É importante mencionar que a administração do prefeito Kassab é uma unanimidade para os três sindicalistas entrevistados que a classificaram como péssima. Ele persegue os trabalhadores, por exemplo, cassou a licença (TPU) de centenas de camelôs que da noite para

o dia, engrossaram o expressivo contingente de trabalhadores informais ilegais. Por ordem do prefeito, os fiscais passaram a exigir nota fiscal dos produtos comercializados pelos ambulantes e os trabalhadores portadores de necessidade especiais que geralmente contratam alguém para ficar nas suas barracas, foram obrigados a cumprir a jornada em suas respectivas concessões. Outro fato lembrado pelos sindicalistas são as denúncias de corrupção constantemente feitas pelos sindicatos, não esquecendo também d\a violência, principalmente da guarda municipal.

Figura 13 - Confronto na Mooca Fonte: Jornal Agora São Paulo, 21 jun. 2007.

Por fim foi perguntado se os shoppings populares seriam uma solução para equacionar o comércio informal de rua. Esta proposta foi realizada nos anos 90, utilizando

galpões antigos que estavam ociosos e eram alugados por empresários ou pelo poder público que os sublocava para os ambulantes. A ideia central era tirar os camelôs das vias e proporcionar um espaço mais “agradável” para os trabalhadores e consumidores, com completa infraestrutura.

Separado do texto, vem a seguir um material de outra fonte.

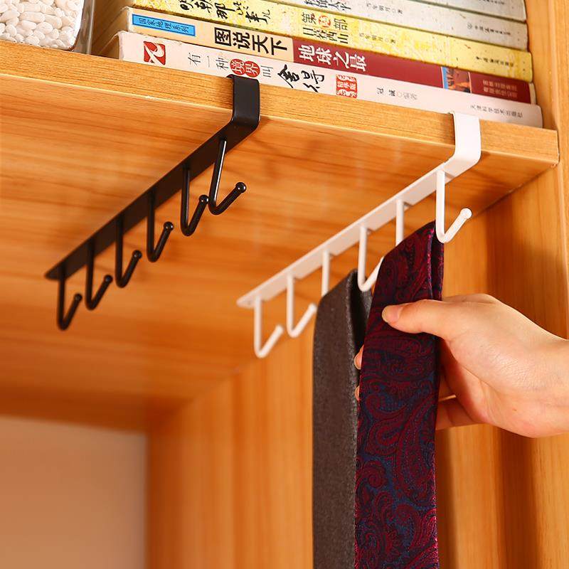 Home Kitchen Iron Art Overall Cabinet Intake Hanging Rack Multifunction Row Hook Wardrobe Finishing Frame Kitchen no-mark-free pin-free
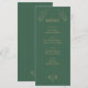 Öka din bröllopsmottagning med den här snyggten Minimalist Modern Elegant Classic Bröllop Menu. Med ett trendig grönt färg-schema och ett calligraphy-skriptteckensnitt för elegant lägger den här exquisite and formal-menyn till en något sofistikerad inställning för bord. Anpassa med egna menyalternativ och information, och ge ger dina gäster en skymt av vad som är till kom. Om du vill ha matchande objekt går du till Grönten Modern Minimalist Elegant bröllop-inbjudningar.
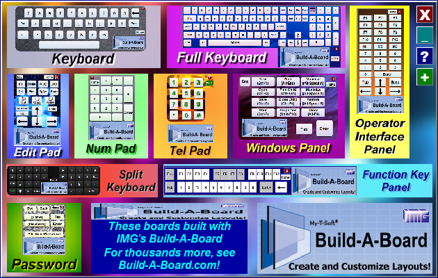 My-T-Soft Basic is the Windows run-time component of IMG's Build-A-Board, which allows custom on-screen keyboards, panels and boards. My-T-Soft Basic provides the program to display and operate these keyboards. When unlicensed, the Free Edition provides various useful keyboards, panels, and boards. When licensed, My-T-Soft Basic includes full keyboards in multiple languages and access to thousands of layouts from the Board database at Build-A-Board.com. My-T-Soft® is My Typing Software!

Todavia, a maioria das experiências foi mal sucedida e logo abandonada pelos camelôs que viam seus resultados despencarem com as vendas abaixo da média que alcançavam nas ruas. Um dos motivos do fracasso foi a localização dos shoppings populares, além da falta de interesse da prefeitura que muito prometeu e pouco fez nos governos Maluf e Pitta.

Sendo assim, Afonso Camelôs sentenciou: “Os shoppings populares ou Pop Centers não fracassaram, eles nunca existiram; é uma luta do sindicato, a redistribuição da categoria, inclusive com a criação dos shoppings populares, calçadas lineares, barracas padronizadas, legalização dos espaços de trabalho”. Josefa salientou: “Os shoppings populares é um desejo dos comerciantes de tornar os camelôs empresários e muitos trabalhadores não se adaptam fora das ruas”. Na opinião de Menezes: “O fracasso dos shoppings populares ocorreu por falta de interesse do poder público, eles colocam os camelôs onde não passa ninguém, aí o trabalhador prefere correr o risco e ficar nas ruas”.